Your SMS Privacy Rights. You have the right to: Access (request a copy of the SMS information we maintain about you), Correct (update your mobile phone number or communication preferences at any time), Delete (request deletion of your SMS information, subject to legal retention requirements), Opt-Out (withdraw consent and stop receiving SMS messages at any time), Restrict (choose which types of messages you receive, e.g., opt out of marketing while keeping security messages), and Object (object to processing of your SMS information for specific purposes). To exercise these rights, contact us at: compliance@nonstophealth.com, 1-877-626-6057, or 1800 Sutter St, Suite 730, Concord, CA 94520.

Updates to SMS Privacy Practices. We may update our SMS privacy practices to reflect changes in: legal requirements or regulatory guidance, SMS technology and service providers, or our messaging programs and offerings. We will notify you of material changes through: SMS notification to your registered phone number, email notification to your registered email address, or notice on our website. Continued use of SMS services after changes constitutes acceptance of updated practices.

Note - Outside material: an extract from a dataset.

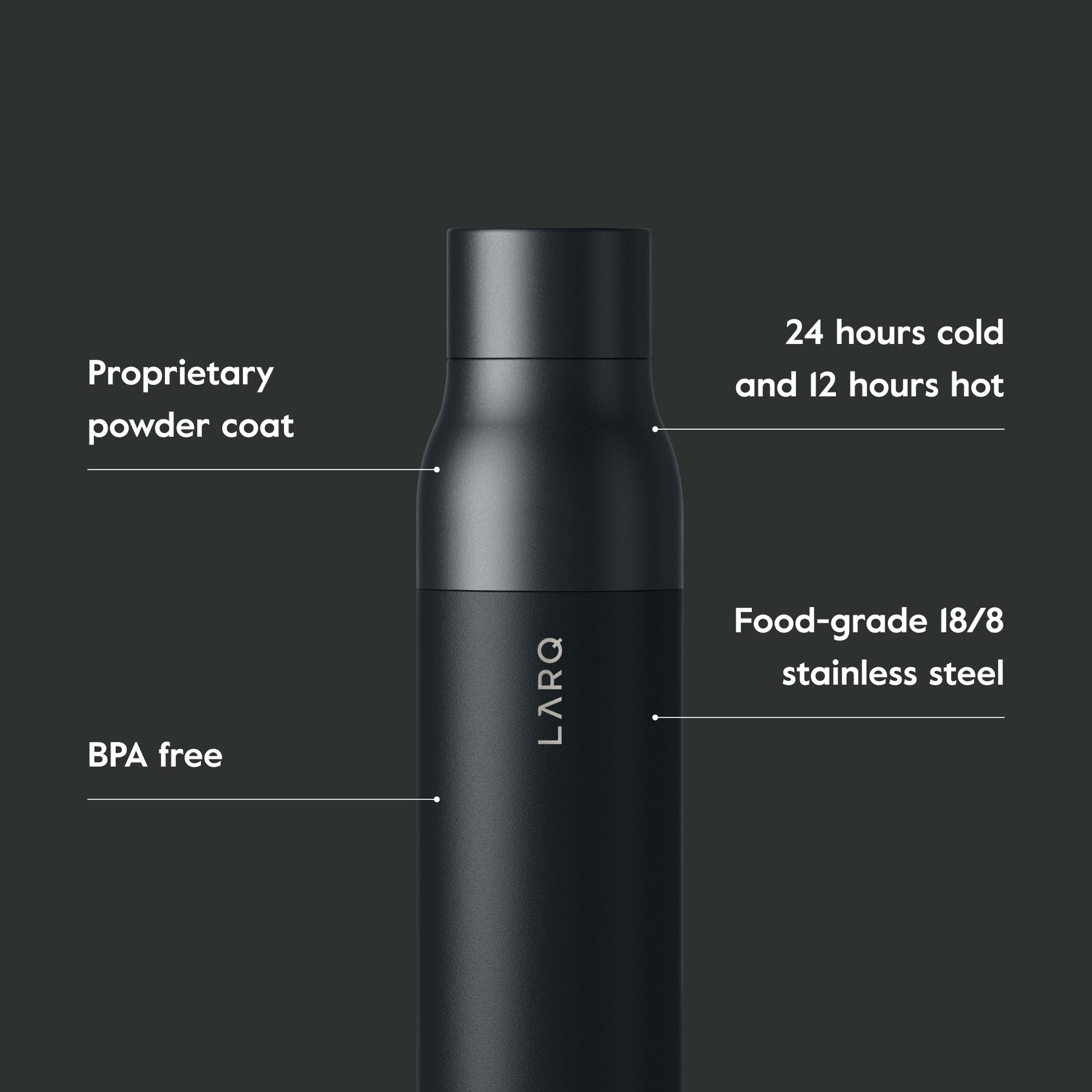 LARQ Bottle Twist Top 25 oz - Insulated Stainless Steel Water Bottle | BPA Free | Reusable Water Bottle for Camping, Office, and Travel | Keep Drinks Cold and Hot, Obsidian Black

Questions About SMS Privacy. If you have questions about how we handle SMS information, please contact: General inquiries (clientsupport@nonstophealth.com), Privacy questions (compliance@nonstophealth.com), or Opt-out support (Text STOP to any message or email clientsupport@nonstophealth.com).

MOBILE APPLICATION

Information We Collect Through the Mobile App. When you download and use the Nonstop Health mobile application ("Mobile App"), we may collect and process the following information in addition to the information described elsewhere in this policy:

Device Information: Device type, model, and manufacturer; operating system and version; unique device identifiers (including Apple IDFA on iOS and Google Advertising ID on Android, subject to your device privacy settings); app version; mobile network information; and device language and time zone.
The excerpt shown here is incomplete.